By W.A Wijewardena –
Shenoy, the classical libertarian economist
B.R. Shenoy, Indian classical libertarian economist, was no stranger to Sri Lanka. He was a lecturer in economics at the University College which was affiliated to the University of London initially and later became the University of Ceylon, in 1940s.
Many of those who became renowned Ceylonese economists in later years having passed out from the University College or the university proper during that period were his students. He was so reputed as a leading economist of the day that E. Eramudugolla, former Senior Deputy Governor of the Central Bank, mentions in his memoirs titled ‘Reminiscences of the Central Bank of Sri Lanka’ that, when the new Central Bank was set up, Shenoy was one of the economists who could have been drawn to the Bank to head its Economic Research Department.
But the offer went to another Indian economist at the University of Ceylon, B Das Gupta, who held the post only for 2 years. Had Shenoy come to the Central Bank as its first Director of Economic Research, it not only would have added one more laurel to his illustrious career as an independent economist but also sown the seeds of libertarian economics within the Central Bank of Sri Lanka.
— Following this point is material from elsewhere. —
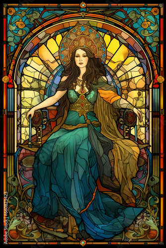 © ayame123, Fototapeta premium ステンドグラス風のクイーンのカード

Shenoy advising the government of Ceylon in 1966
Though Shenoy was no stranger to old Ceylon, he is in the present day little known in the country. But what is not known at all is that Sri Lanka lost a valuable opportunity to change the course of the nation by rejecting the advice he gave in mid 1960s to make a complete reform of the country’s economy and its economic policy.
JR looking for an independent economist in 1966
Shenoy was engaged in 1966 by J.R Jayewardene, then the Minister of State and Deputy Prime Minister and later President of Sri Lanka, when the economic crisis faced by the country had escalated to a critical level. According to K.M de Silva and Howard Wriggins, biographers of J. R Jayewardene of Sri Lanka, JR had looked for “an economist or economists who could come up with some fresh ideas on how to deal with the malaise in Sri Lanka’s economy”. JR, say his biographers, did not trust academics at Sri Lankan universities because they were Marxists or advocates of policies that promoted state expansion as the way out for Sri Lanka. Such state expansion has been the root cause of the economic malaise so it was quite natural for JR to look for someone who was free from such ‘state-worshipping ideologies’.
Untitled-1Shenoy dissenting with Nehru on his socialist planning
Shenoy who was Director of University School of Social Sciences of Gujarat University, Ahmadabad, India, had been noted for his independence of opinion free from political pressures. He would not have dared to call a spade a spade if it did not fall in line with sound economics as demonstrated by him dissenting with Jawaharlal Nehru when the latter wanted to introduce socialist central planning to India in his second five year plan.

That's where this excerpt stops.